-- DATA EXCERPT --
__________________________________________________

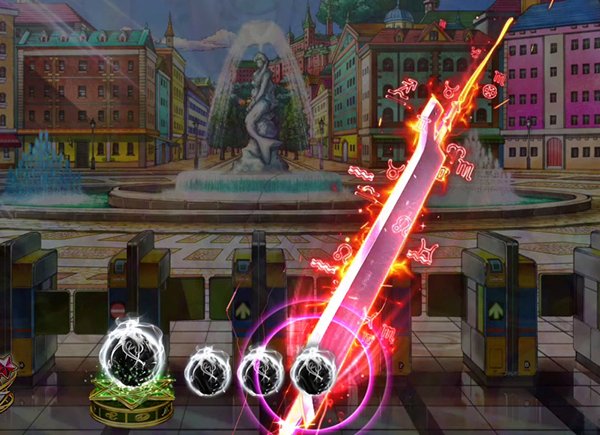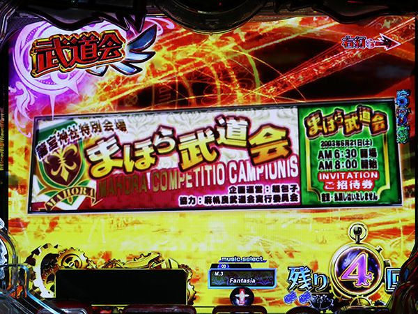 同色図柄停止などでチケットのピースを獲得。チケット完成でボタン演出に発展し、ロゴが落ちればバトルに発展。
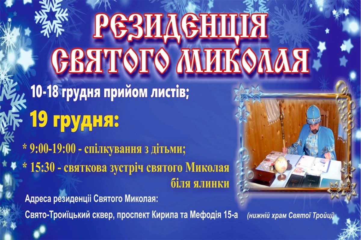 З 10 грудня і по 18 грудня Святий Миколай приймає листи від дітей. В святковий день 19 грудня з 9-тої години ранку і до 19:00 години ми зможете завітати у гості до святого Миколая, чи записатися до нього «на прийом». А вже в 15:30 разом з усіма будемо зустрічати приїзд святого Миколая із українських Карпат!
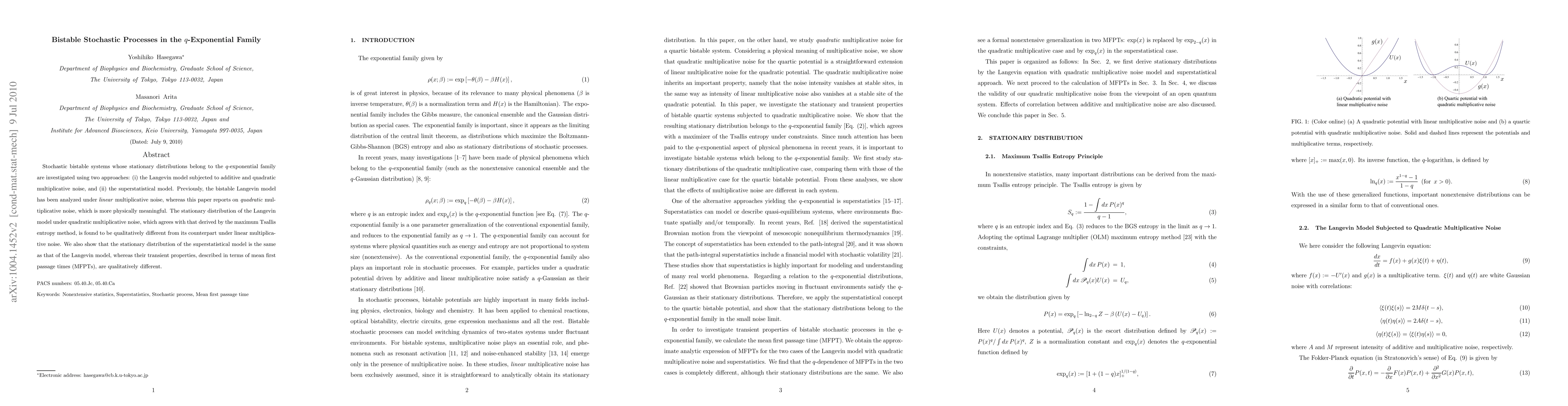 This paper investigates bistable stochastic processes within the q-exponential family using two models: the Langevin model with quadratic multiplicative noise and the superstatistical model. The study finds that the stationary distribution differs under quadratic versus linear multiplicative noise, and while both models share the same stationary distribution, their transient behaviors differ significantly.

__________________________________________________

-- WORK TO BE COMPLETED --
The expected answer is the listing above, duplicated exactly, with its pictures removed.

-- RESPONSE BELOW --
 同色図柄停止などでチケットのピースを獲得。チケット完成でボタン演出に発展し、ロゴが落ちればバトルに発展。
 З 10 грудня і по 18 грудня Святий Миколай приймає листи від дітей. В святковий день 19 грудня з 9-тої години ранку і до 19:00 години ми зможете завітати у гості до святого Миколая, чи записатися до нього «на прийом». А вже в 15:30 разом з усіма будемо зустрічати приїзд святого Миколая із українських Карпат!
 This paper investigates bistable stochastic processes within the q-exponential family using two models: the Langevin model with quadratic multiplicative noise and the superstatistical model. The study finds that the stationary distribution differs under quadratic versus linear multiplicative noise, and while both models share the same stationary distribution, their transient behaviors differ significantly.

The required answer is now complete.